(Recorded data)
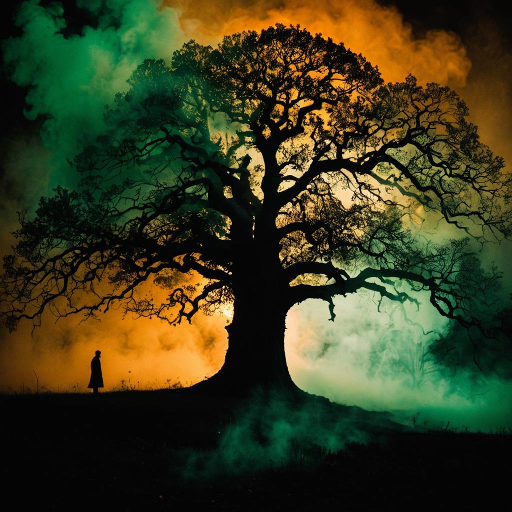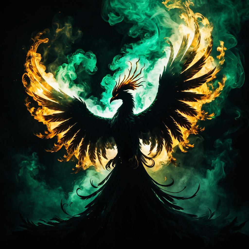 Ethereal phoenix silhouette, surrounded by glowing amber and emerald smoke, abstract ethereal effect, smoky textures swirling around the figure, golden rim lighting, dark background for contrast, surreal and mysterious atmosphere
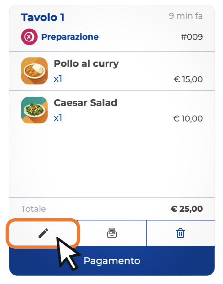 2. Trova il tavolo dell’ordine che vuoi modificare e clicca sull’icona blu della matita.
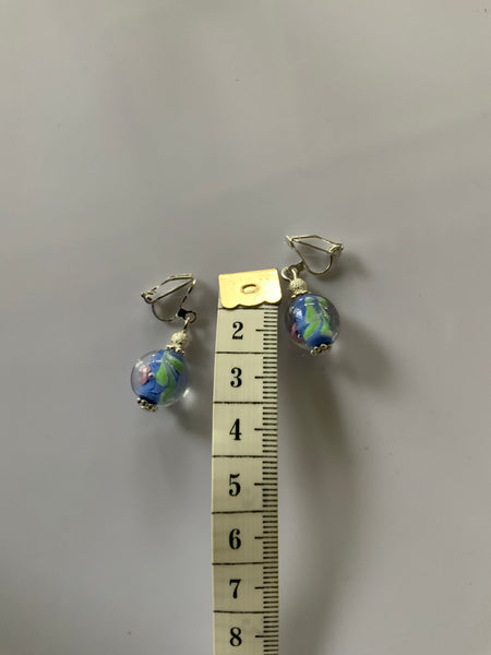 Lampwork Blue & Green Floral Dangle Earrings Silver Plate Clip-On only
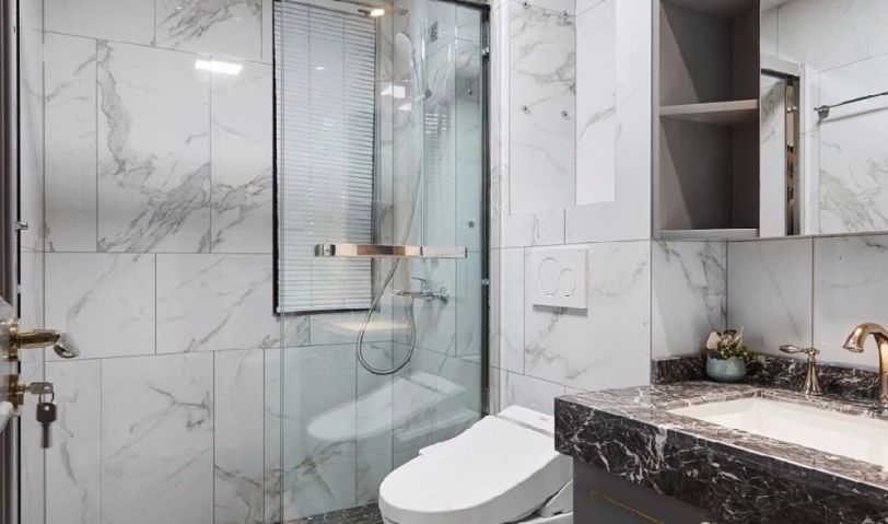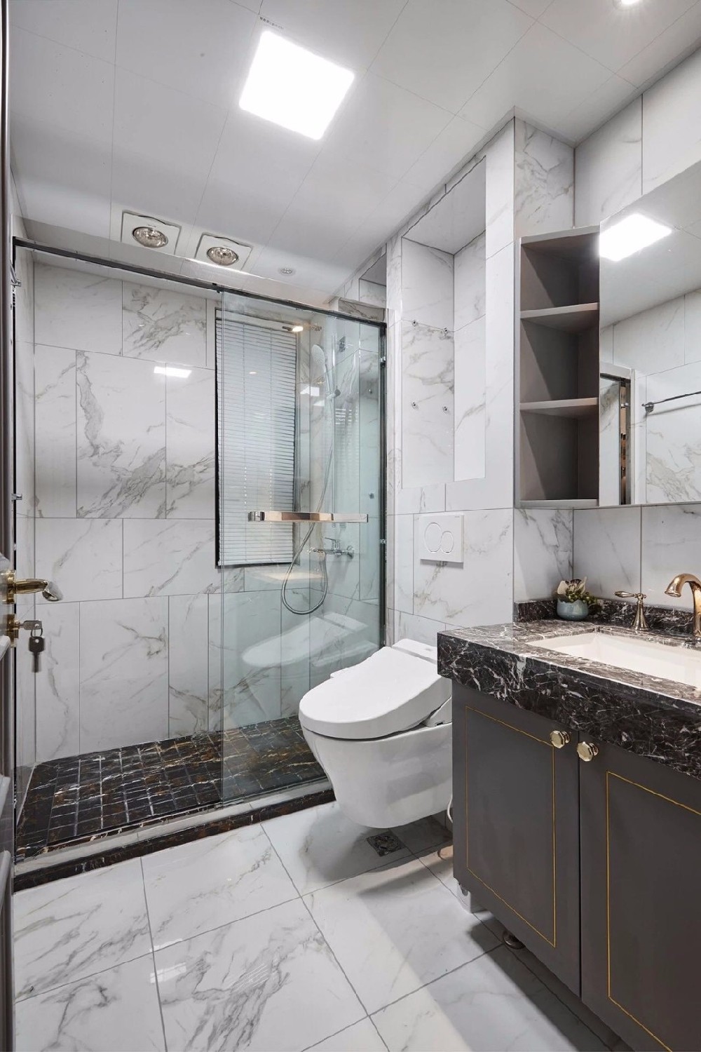 衛(wèi)生間結(jié)合簡單的白色墻磚地磚,用黑色的柜子結(jié)合,空間顯得大氣而不壓抑。
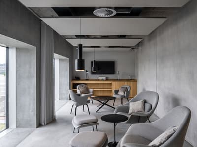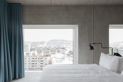 Un hôtel design à la déco minimaliste avec des matières brutes et une vue top sur la ville.
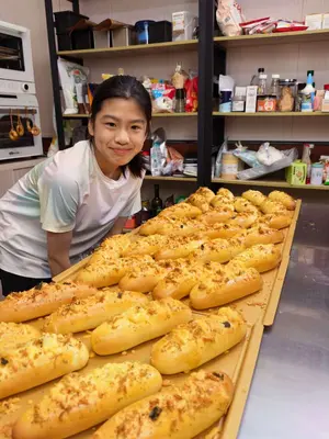 打了一个八斤重的面团,做些面包让哥哥带去学校
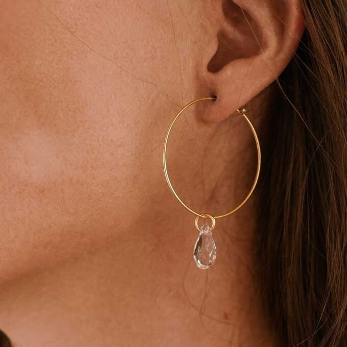 Ces créoles gouttes d’eau en cristal Swarovski incarnent la perfection artisanale : une alliance subtile entre l’éclat du cristal et la douceur du plaqué or.
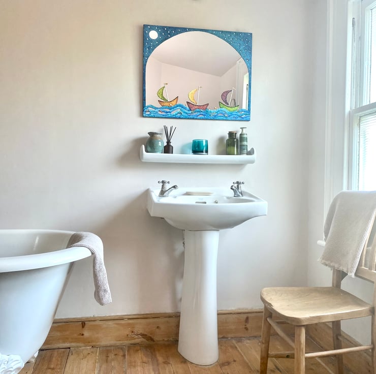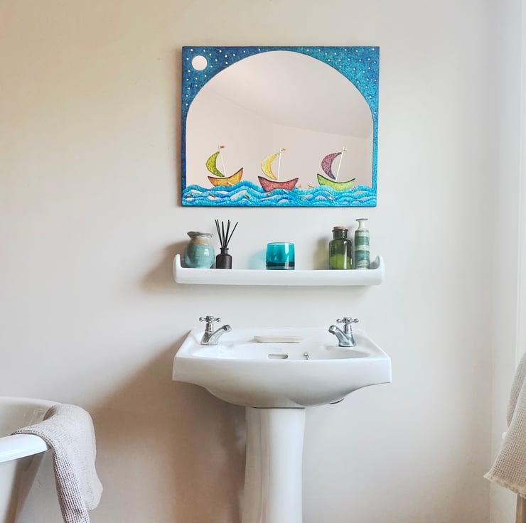 Three sail boats on the waves, amongst leaping fish, beneath a starry sky mirror (61cm x 49cm x 1.2cm). I have always loved working with paper mache and am inspired by land, sea and cityscapes. Each of our mirrors are individually made with love and care in unique designs. The paper mache has a gently textured surface, is painted with acrylic paint and then protected with a matt varnish making it suitable for all rooms in the home. Your mirror will arrive beautifully wrapped and ready to hang.
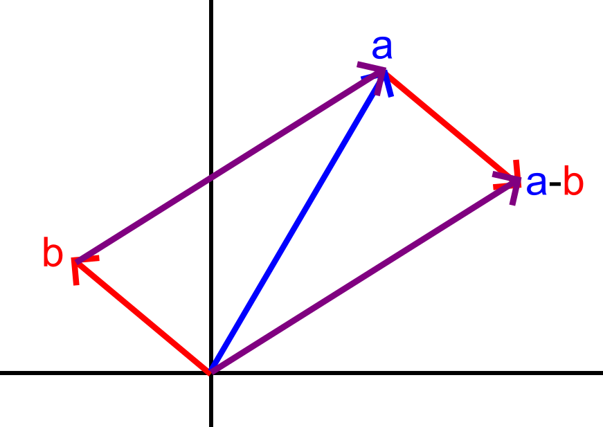 באיור הזה אני מצייר שתי נקודות \(a,b\), כשהוקטור אל \(a\) הוא כחול והוקטור אל \(b\) הוא אדום. הרעיון בכלל המקבילית הוא שכאשר אני מחבר שני וקטורים, אני מדביק עותק של כל אחד מהם לקצה של השני, כך שאני יוצאר מקבילית, והנקודה שבה שני העותקים הללו נפגשים היא הסכום. אצלנו אני מתעניין ב-\(a-b\) ולכן אני מצייר מקבילית שהוקטורים שבונים אותה הם \(b\) ו-\(a-b\) (שהוקטור שמתאים לו הוא סגול), ואפשר לראות איך אורך הוקטור של \(a-b\) (הקו הסגול התחתון יותר, שמחבר את \(a-b\) עם ראשית הצירים) זהה באורכו לקו הסגול העליון, שהוא מה שמחבר את \(b\) עם \(a\).

Assigned task >>
Retype the records exactly. Any image in them should not appear in what you write.

Answer space >>
 Ethereal phoenix silhouette, surrounded by glowing amber and emerald smoke, abstract ethereal effect, smoky textures swirling around the figure, golden rim lighting, dark background for contrast, surreal and mysterious atmosphere
 2. Trova il tavolo dell’ordine che vuoi modificare e clicca sull’icona blu della matita.
 Lampwork Blue & Green Floral Dangle Earrings Silver Plate Clip-On only
 衛(wèi)生間結(jié)合簡單的白色墻磚地磚,用黑色的柜子結(jié)合,空間顯得大氣而不壓抑。
 Un hôtel design à la déco minimaliste avec des matières brutes et une vue top sur la ville.
 打了一个八斤重的面团,做些面包让哥哥带去学校
 Ces créoles gouttes d’eau en cristal Swarovski incarnent la perfection artisanale : une alliance subtile entre l’éclat du cristal et la douceur du plaqué or.
 Three sail boats on the waves, amongst leaping fish, beneath a starry sky mirror (61cm x 49cm x 1.2cm). I have always loved working with paper mache and am inspired by land, sea and cityscapes. Each of our mirrors are individually made with love and care in unique designs. The paper mache has a gently textured surface, is painted with acrylic paint and then protected with a matt varnish making it suitable for all rooms in the home. Your mirror will arrive beautifully wrapped and ready to hang.
 באיור הזה אני מצייר שתי נקודות \(a,b\), כשהוקטור אל \(a\) הוא כחול והוקטור אל \(b\) הוא אדום. הרעיון בכלל המקבילית הוא שכאשר אני מחבר שני וקטורים, אני מדביק עותק של כל אחד מהם לקצה של השני, כך שאני יוצאר מקבילית, והנקודה שבה שני העותקים הללו נפגשים היא הסכום. אצלנו אני מתעניין ב-\(a-b\) ולכן אני מצייר מקבילית שהוקטורים שבונים אותה הם \(b\) ו-\(a-b\) (שהוקטור שמתאים לו הוא סגול), ואפשר לראות איך אורך הוקטור של \(a-b\) (הקו הסגול התחתון יותר, שמחבר את \(a-b\) עם ראשית הצירים) זהה באורכו לקו הסגול העליון, שהוא מה שמחבר את \(b\) עם \(a\).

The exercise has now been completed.